++++ Data provided

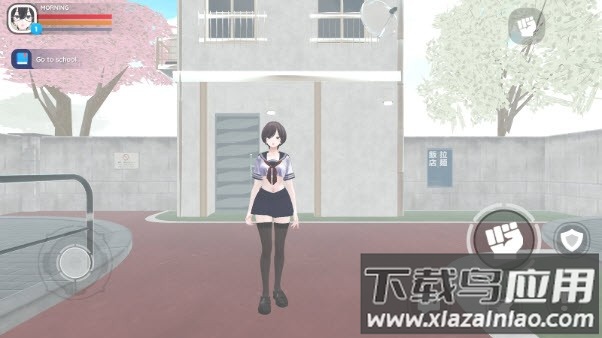 5、到达学校后熟悉右下角动作指令,包含攻击、奔跑、防御等战斗操作。
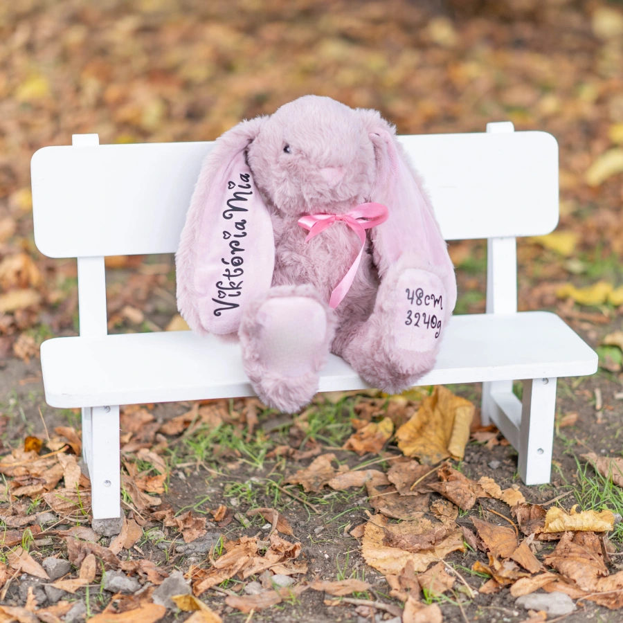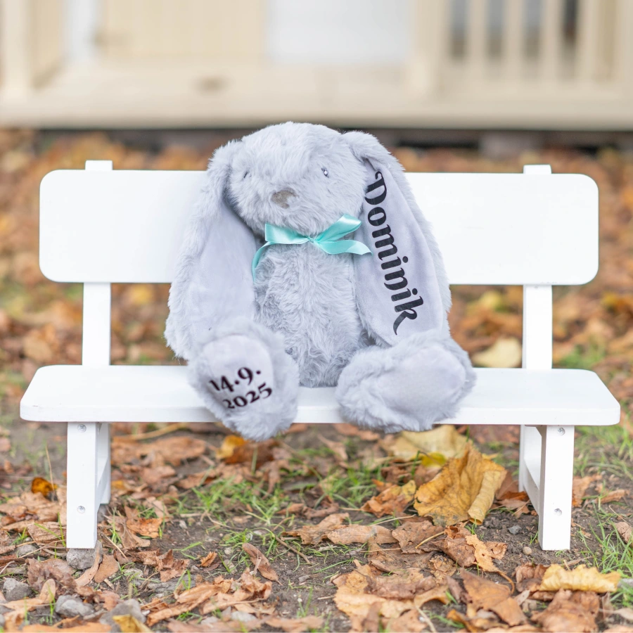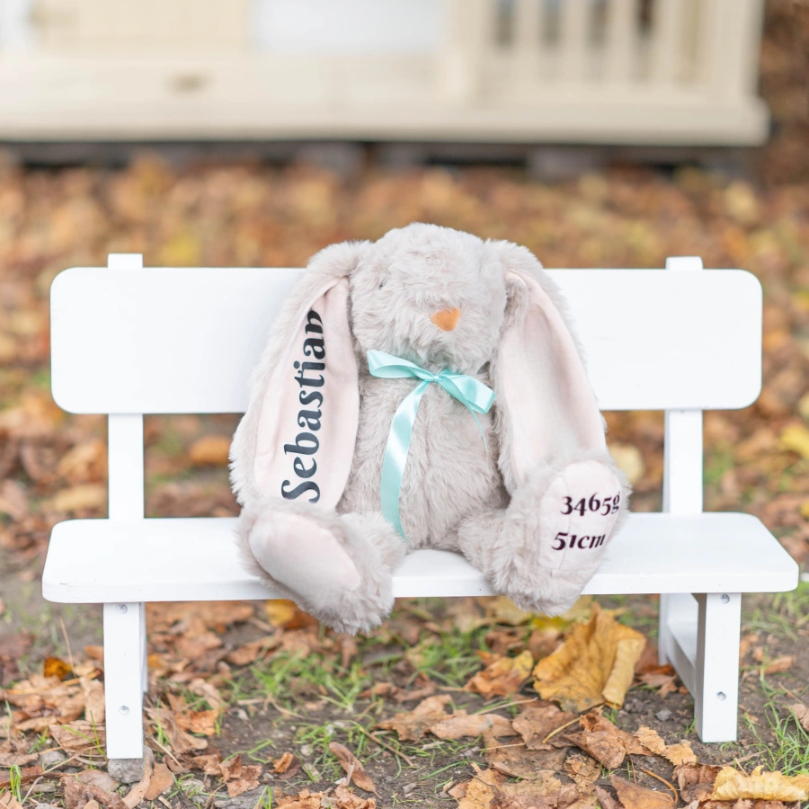 Měkoučký plyšový zajíček bude krásnou památkou na první roky vašeho miminka. Na ouško mu doplním jméno a na jednu tlapku krátký text, který si sami určíte. Může to být datum narození, váha, výška, malé věnování nebo symbol, který má pro vás význam.
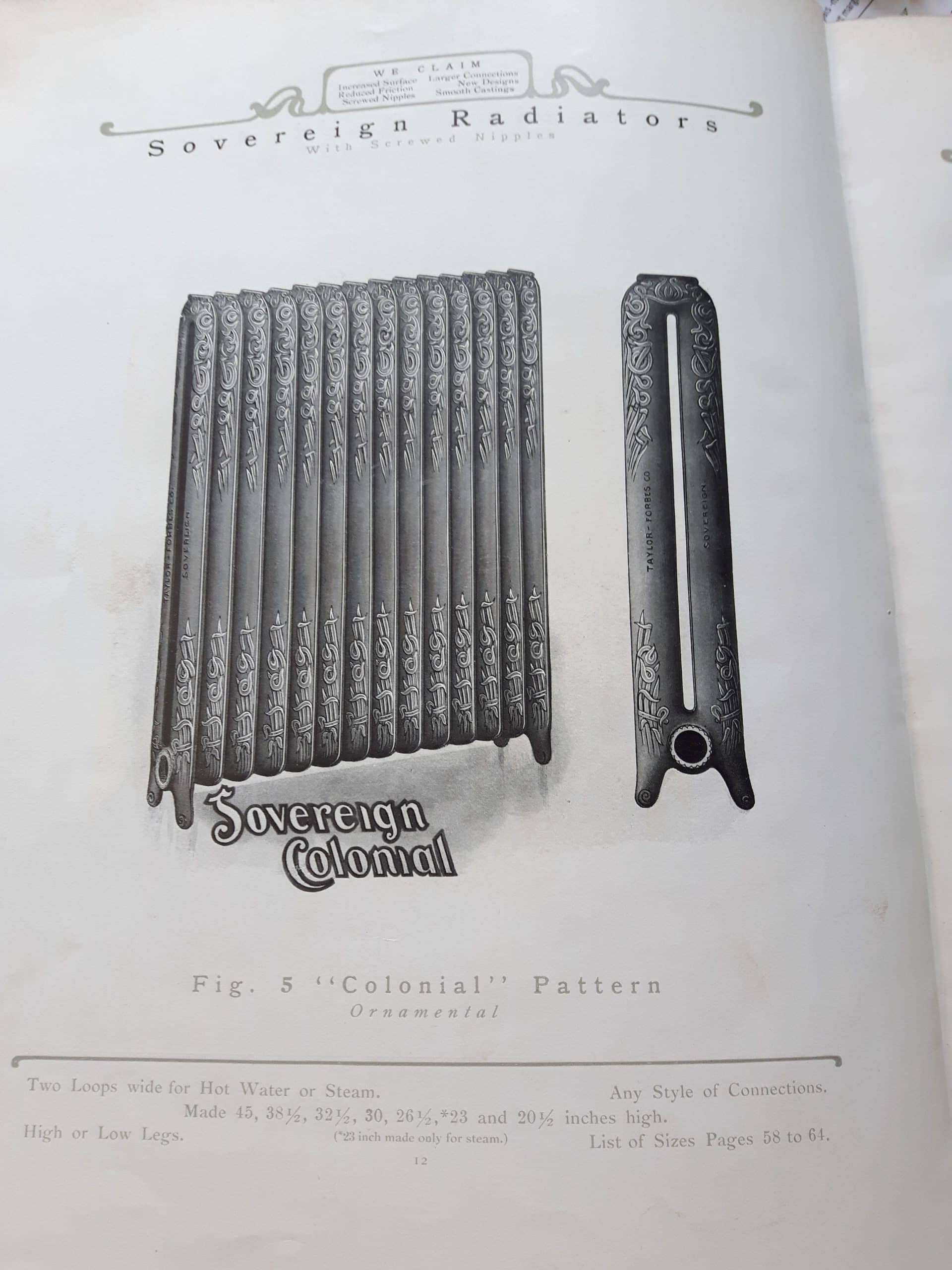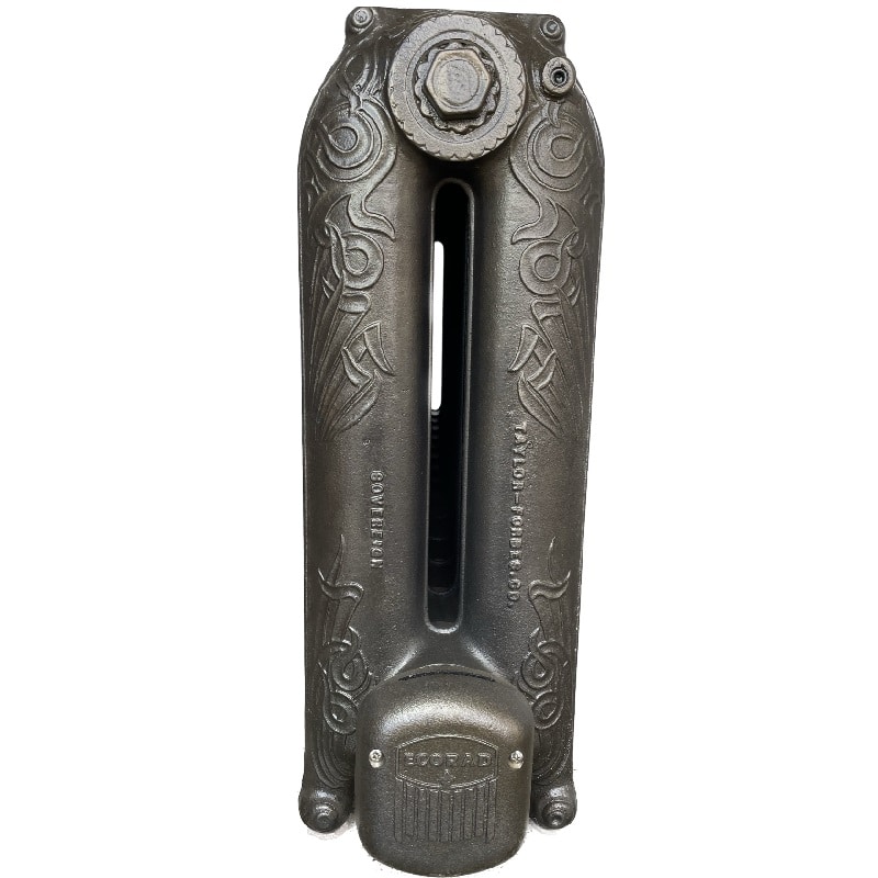 This model was manufactured in Canada by Taylor Forbes CO. The head of the radiator has small ears and the design shows swirls on top and at bottom of legs.
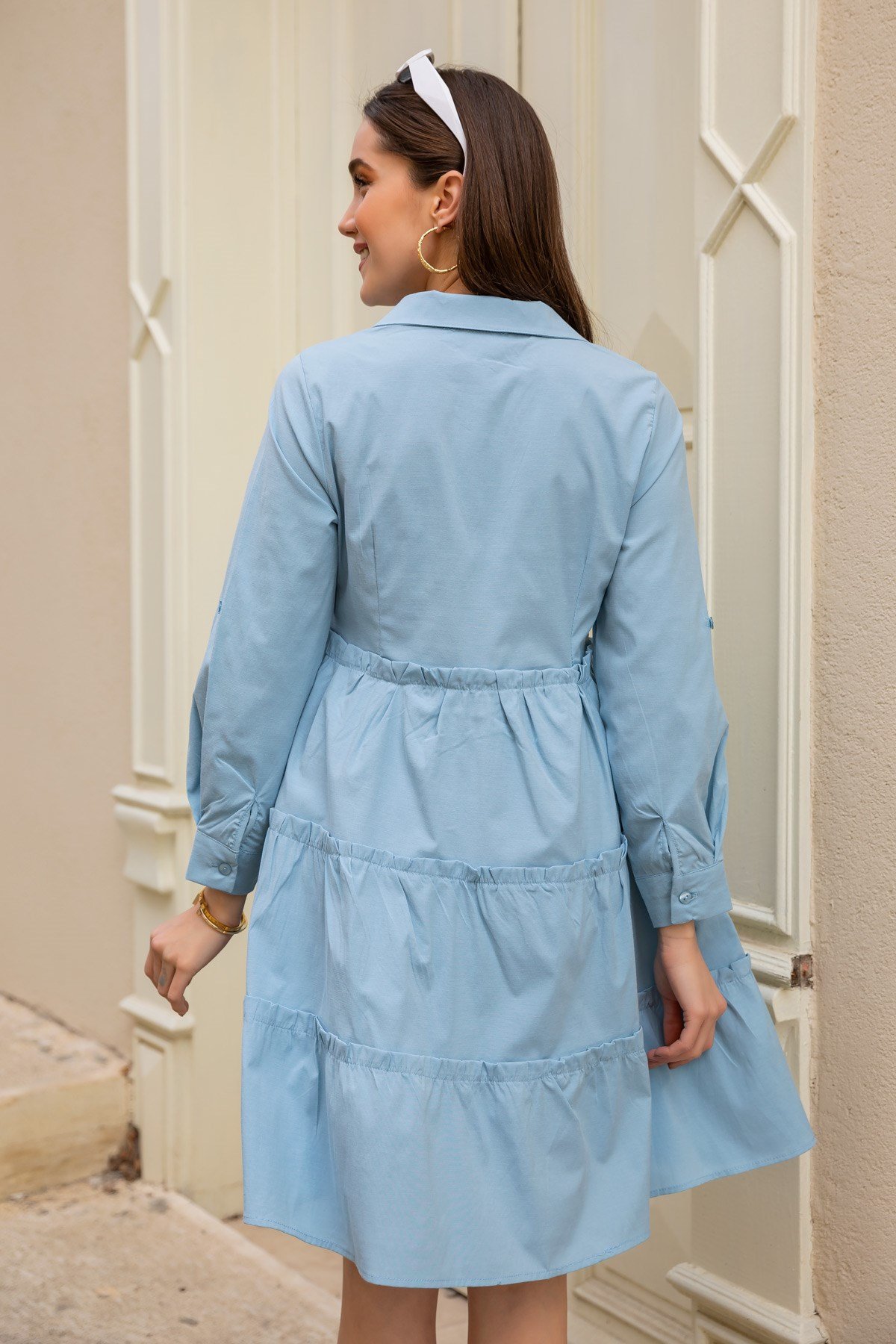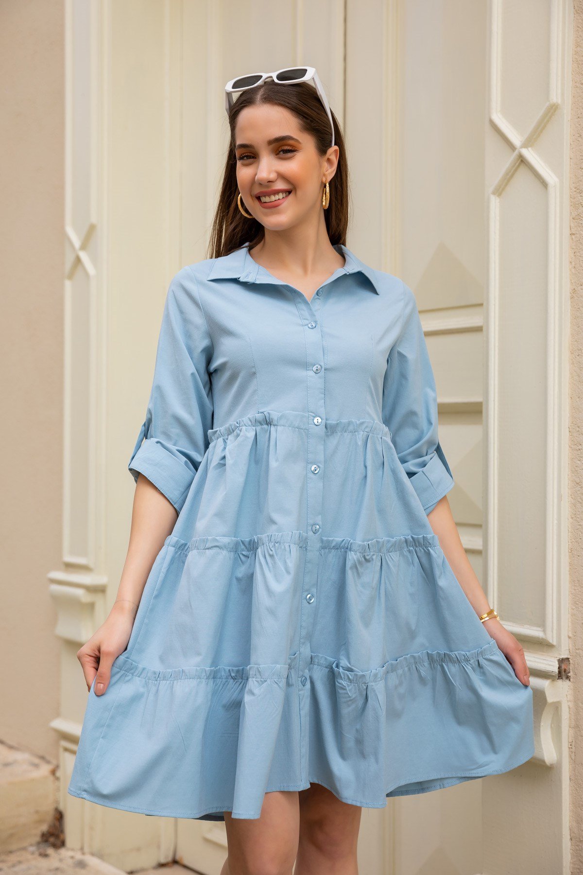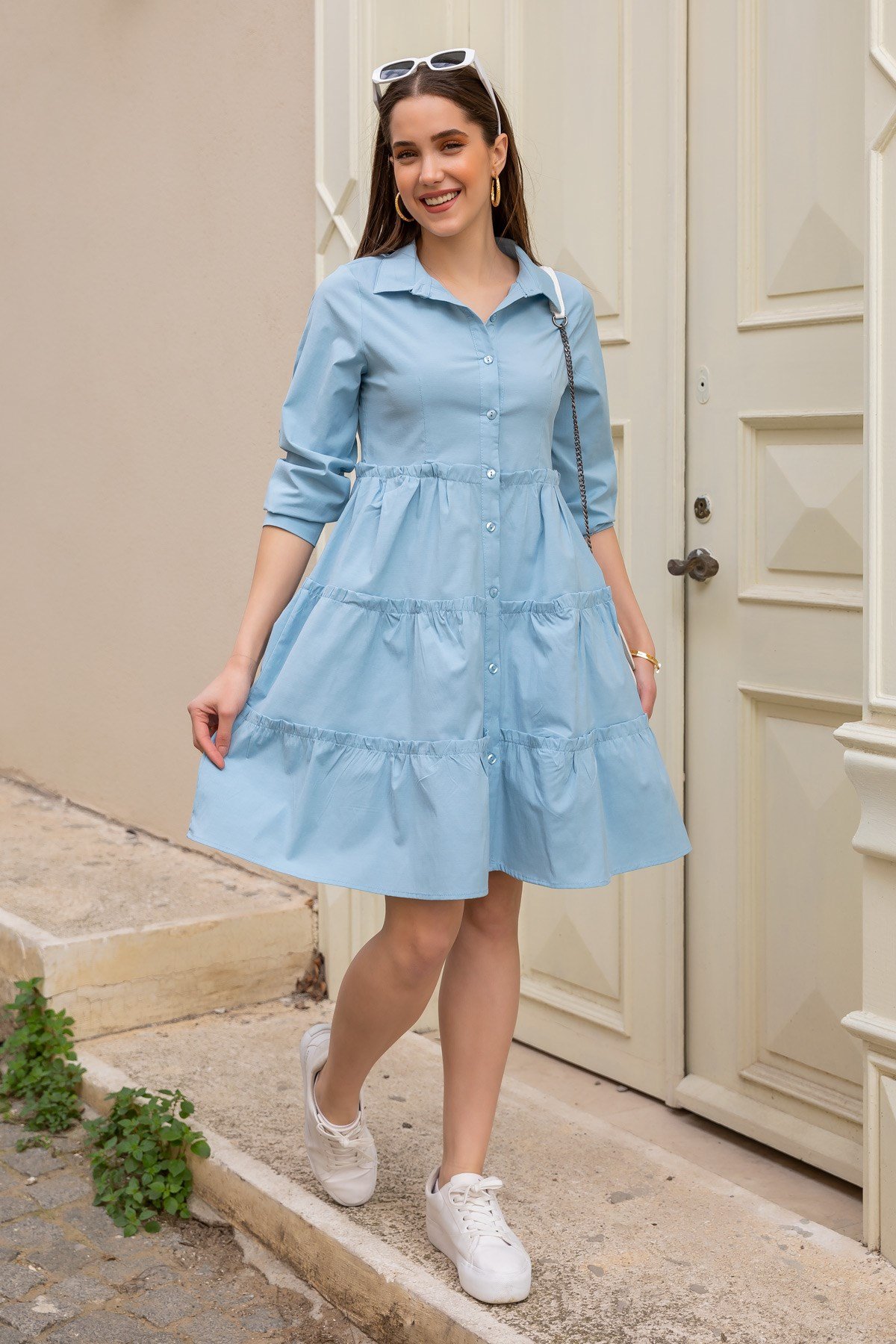 Ürün 36-42 bedene kadar uyumlu, tok kumaş, gömlek yaka, boydan düğmeli, pamuklu, katlı, fırfırlı, poplin elbise olarak tasarlanmıştır.

++++++++

The line with "This model was" marks the end: restate word for word every line from the top of the data through that one, omitting pictures.

 5、到达学校后熟悉右下角动作指令,包含攻击、奔跑、防御等战斗操作。
 Měkoučký plyšový zajíček bude krásnou památkou na první roky vašeho miminka. Na ouško mu doplním jméno a na jednu tlapku krátký text, který si sami určíte. Může to být datum narození, váha, výška, malé věnování nebo symbol, který má pro vás význam.
 This model was manufactured in Canada by Taylor Forbes CO. The head of the radiator has small ears and the design shows swirls on top and at bottom of legs.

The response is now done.